Assigned task :: Every line below between the one holding "لوحة ثلاثية فن اسلامي بتصميم مودرن" and the one holding "인천광역시은 착한가격업소 이용", inclusive, should be copied exactly, and no other line.

Data for review section start

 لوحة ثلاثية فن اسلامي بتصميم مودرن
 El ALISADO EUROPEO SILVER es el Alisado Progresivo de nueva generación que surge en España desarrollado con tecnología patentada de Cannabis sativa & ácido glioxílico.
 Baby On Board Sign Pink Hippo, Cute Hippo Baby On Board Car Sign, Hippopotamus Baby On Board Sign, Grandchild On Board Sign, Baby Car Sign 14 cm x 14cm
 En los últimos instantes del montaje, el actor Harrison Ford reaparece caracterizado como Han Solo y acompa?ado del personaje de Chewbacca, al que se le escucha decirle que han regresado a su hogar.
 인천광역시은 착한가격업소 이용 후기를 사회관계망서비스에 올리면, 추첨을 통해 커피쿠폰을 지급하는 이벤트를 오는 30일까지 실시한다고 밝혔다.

Data for review section end
Data for review section start

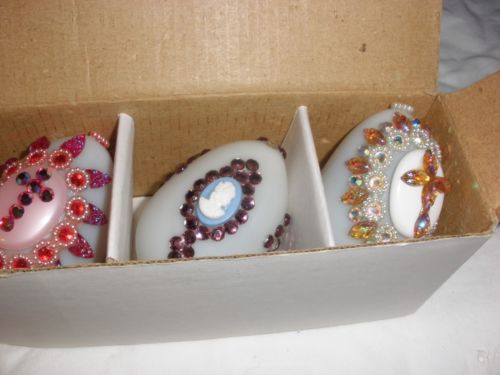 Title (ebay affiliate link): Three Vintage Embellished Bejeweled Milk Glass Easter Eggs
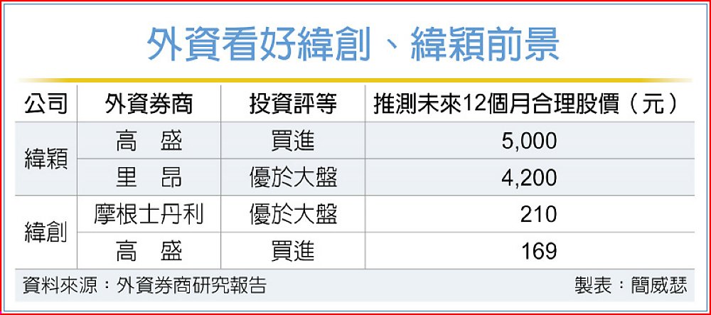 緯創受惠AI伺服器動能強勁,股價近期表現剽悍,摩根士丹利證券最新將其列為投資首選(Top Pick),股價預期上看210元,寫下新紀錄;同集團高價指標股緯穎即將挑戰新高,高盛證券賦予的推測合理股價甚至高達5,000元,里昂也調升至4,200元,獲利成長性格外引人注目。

Data for review section end
Data for review section start

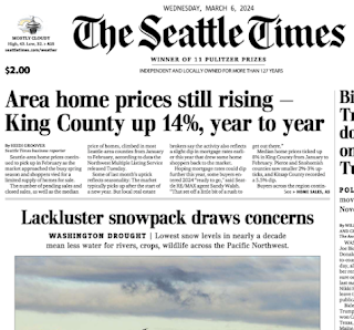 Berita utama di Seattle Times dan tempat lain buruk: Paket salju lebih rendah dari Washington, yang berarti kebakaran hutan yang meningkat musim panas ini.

Data for review section end

Written solution ::
 لوحة ثلاثية فن اسلامي بتصميم مودرن
 El ALISADO EUROPEO SILVER es el Alisado Progresivo de nueva generación que surge en España desarrollado con tecnología patentada de Cannabis sativa & ácido glioxílico.
 Baby On Board Sign Pink Hippo, Cute Hippo Baby On Board Car Sign, Hippopotamus Baby On Board Sign, Grandchild On Board Sign, Baby Car Sign 14 cm x 14cm
 En los últimos instantes del montaje, el actor Harrison Ford reaparece caracterizado como Han Solo y acompa?ado del personaje de Chewbacca, al que se le escucha decirle que han regresado a su hogar.
 인천광역시은 착한가격업소 이용 후기를 사회관계망서비스에 올리면, 추첨을 통해 커피쿠폰을 지급하는 이벤트를 오는 30일까지 실시한다고 밝혔다.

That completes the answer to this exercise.